Member of Parliament, Lok Sabha
- In office 1991–1999
- Preceded by: Kailash Nath Singh Yadav
- Succeeded by: Jawahar Lal Jaiswal
- Constituency: Chandauli, Uttar Pradesh

Personal details
- Born: 7 July 1955 (age 70) Varanasi, Uttar Pradesh, India
- Died: 20 Jan 2023 Indirapuram, Uttar Pradesh
- Party: Samajwadi Party
- Other political affiliations: Bharatiya Janata Party
- Children: 2
- Profession: Politician

= Ananda Ratna Maurya =

Indian politician

Ananda Ratna Maurya is an Indian politician. He was elected to the Lok Sabha, the lower house of the Parliament of India from Chandauli, Uttar Pradesh in 1991, 1996 and 1998 as a member of the Bharatiya Janata Party.Later he joined the Samajwadi Party and contested in 2004 election but lost to Kailash Nath Singh Yadav.
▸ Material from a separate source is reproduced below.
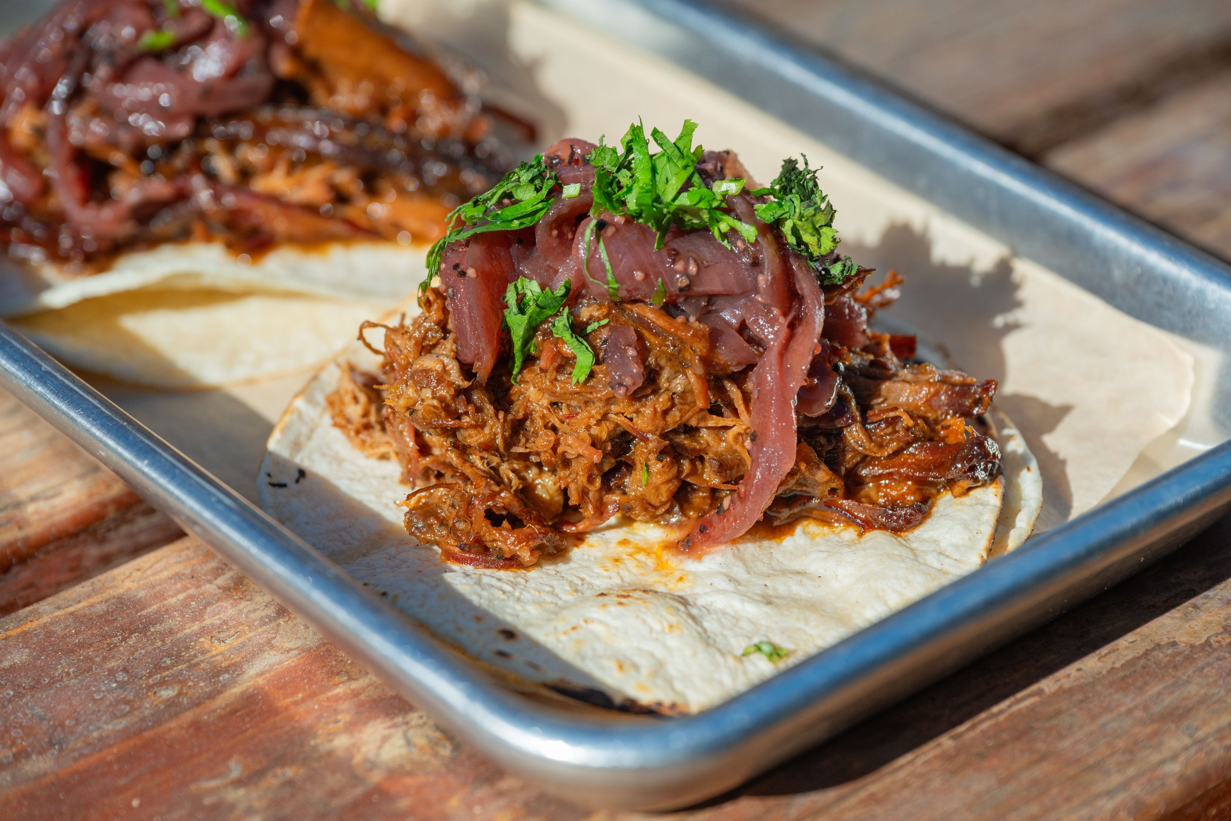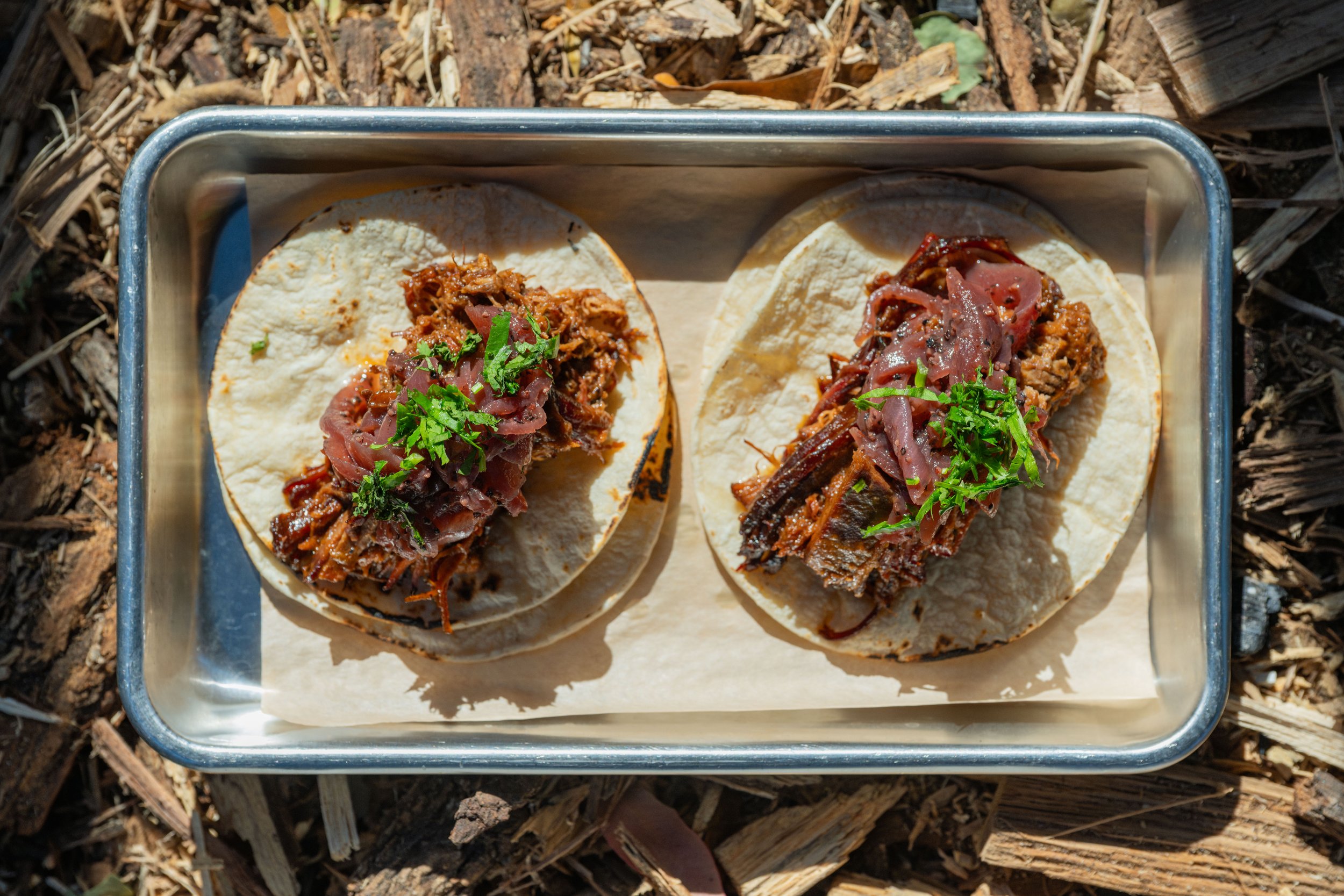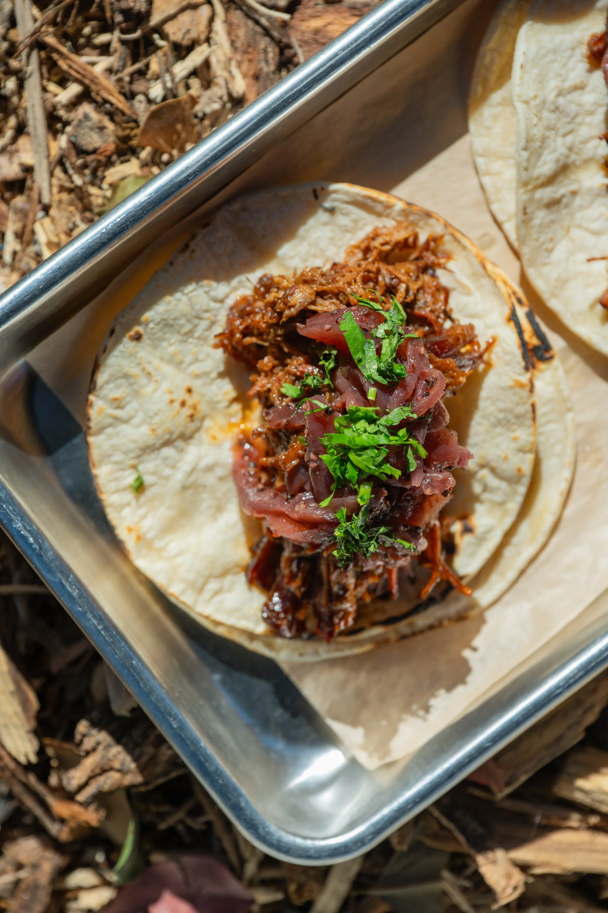 Brisket Barbacoa Tacos: Brisket, Pickled Onions, Corn Tortilla, Lime Juice

He rejoined BJP in 2007 and since then was working for party development. He was also a Uttar Pradesh BJP vice president since 2015 to 2017.

He resigned from BJP on 5 March 2019.

Anand Ratna Maurya known for constitutional & people's politics. People from chandauli loksabha constituency remember him as a gentle and a noble parliamentarian.

Apparently, Maurya was among the most educated politicians in Atal Bihari government's regime. He is an ardent poet too. His other interests include travelling and cooking. He was a nature lover and worked for protection of environment.